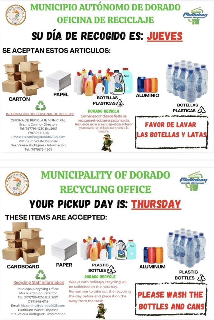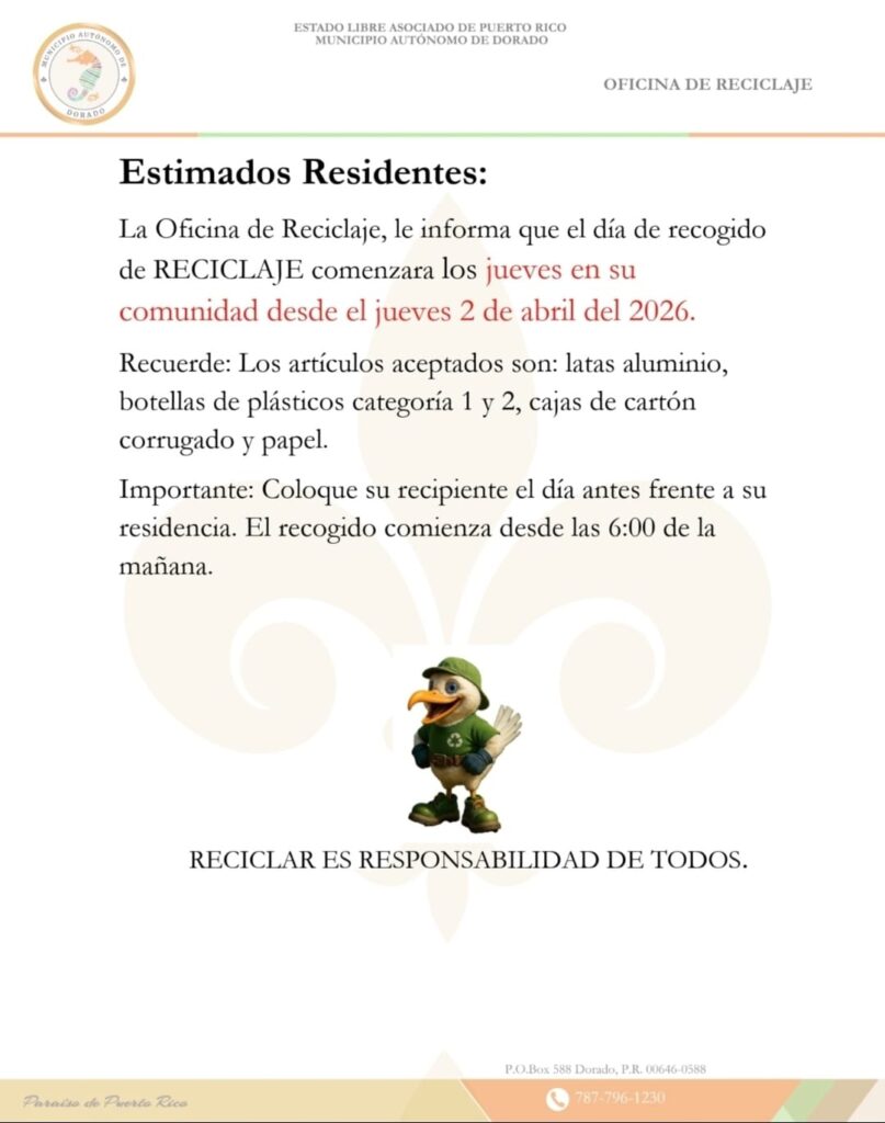 Por este medio les informamos que, según notificación recibida de la ♻️Oficina de Reciclaje del Municipio de Dorado, el día de recogido de reciclaje en nuestra comunidad será los jueves, comenzando el _jueves 2 de abril de 2026.
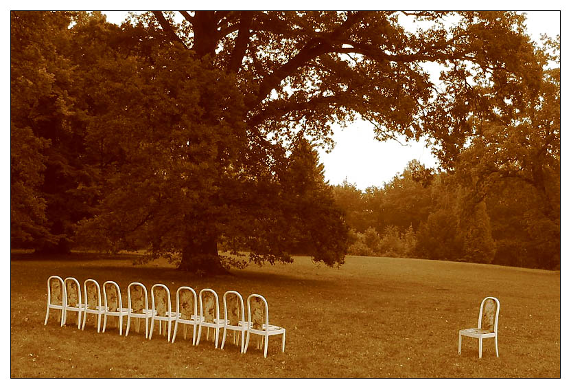 Moment z jedné svatby. Převod do sépie měl zvýraznit ty židle proti trávě. Předem díky za konstruktivní komentáře.
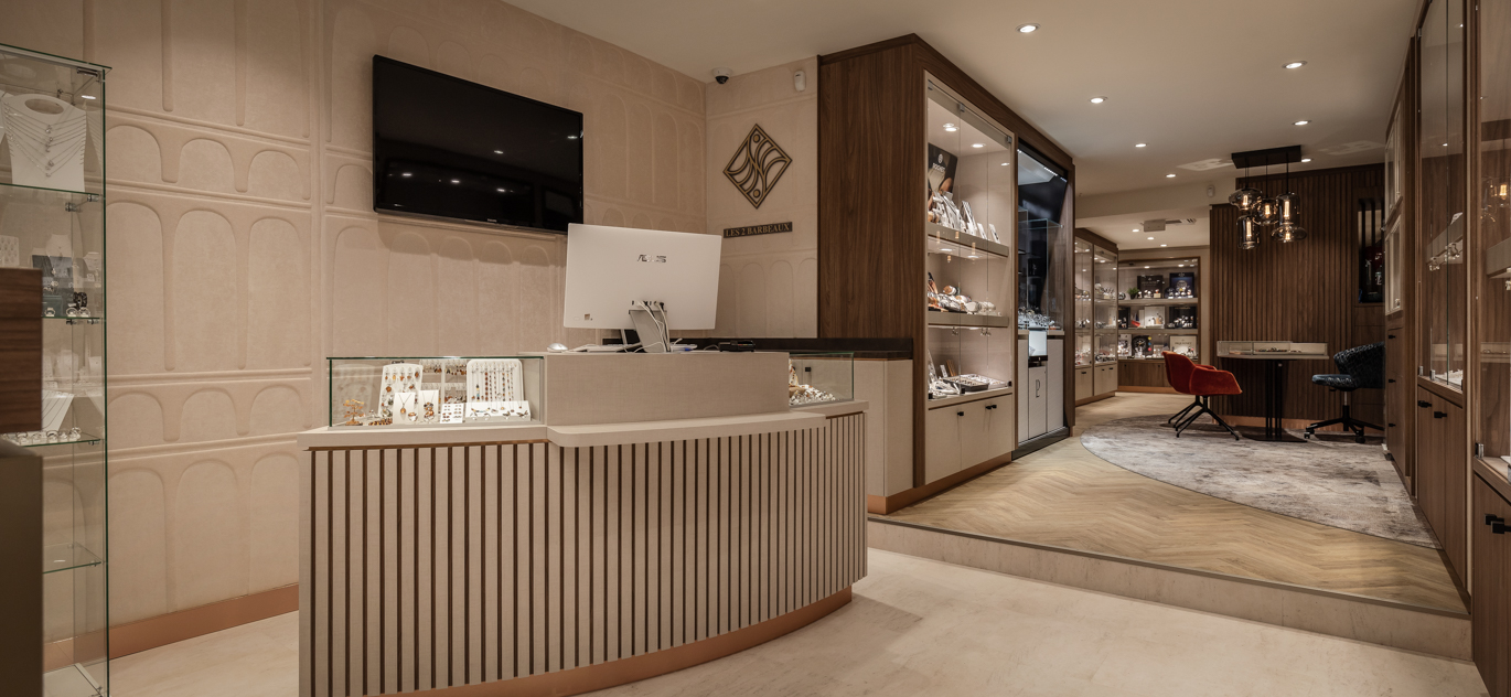 Loic Alif, de eigenaar van Bijouterie Les 2 Barbeaux, nam contact op met de interieurarchitecten van WSB om samen te brainstormen over een nieuwe winkelinrichting. Loic heeft veel kennis van de juweliers in Frankrijk omdat hij vroeger vertegenwoordiger was in de juweliersbranche. Hij heeft WSB de opdracht gegeven om een sfeervolle, niet al te industriële winkel te ontwerpen met tijdloze kleuren, ronde vormen en enkele opvallende eyecatchers. Een van de verschillende eyecatchers die in de winkel te vinden zijn, is de opvallende lamp in het middengebied bij de ingang. Met het uitgebreide assortiment aan sieraden, goud, zilver en horloges, was de indeling van de winkel Bijouterie Les 2 Barbeaux erg belangrijk. WSB richtte zich daarom vooral op het optimaliseren van de winkelruimte.
--------------------------------
*PROBLEM TO SOLVE*: Transcribe all of the lines above exactly as given. The pictures stay out.

*WRITTEN SOLUTION*:
 Por este medio les informamos que, según notificación recibida de la ♻️Oficina de Reciclaje del Municipio de Dorado, el día de recogido de reciclaje en nuestra comunidad será los jueves, comenzando el _jueves 2 de abril de 2026.
 Moment z jedné svatby. Převod do sépie měl zvýraznit ty židle proti trávě. Předem díky za konstruktivní komentáře.
 Loic Alif, de eigenaar van Bijouterie Les 2 Barbeaux, nam contact op met de interieurarchitecten van WSB om samen te brainstormen over een nieuwe winkelinrichting. Loic heeft veel kennis van de juweliers in Frankrijk omdat hij vroeger vertegenwoordiger was in de juweliersbranche. Hij heeft WSB de opdracht gegeven om een sfeervolle, niet al te industriële winkel te ontwerpen met tijdloze kleuren, ronde vormen en enkele opvallende eyecatchers. Een van de verschillende eyecatchers die in de winkel te vinden zijn, is de opvallende lamp in het middengebied bij de ingang. Met het uitgebreide assortiment aan sieraden, goud, zilver en horloges, was de indeling van de winkel Bijouterie Les 2 Barbeaux erg belangrijk. WSB richtte zich daarom vooral op het optimaliseren van de winkelruimte.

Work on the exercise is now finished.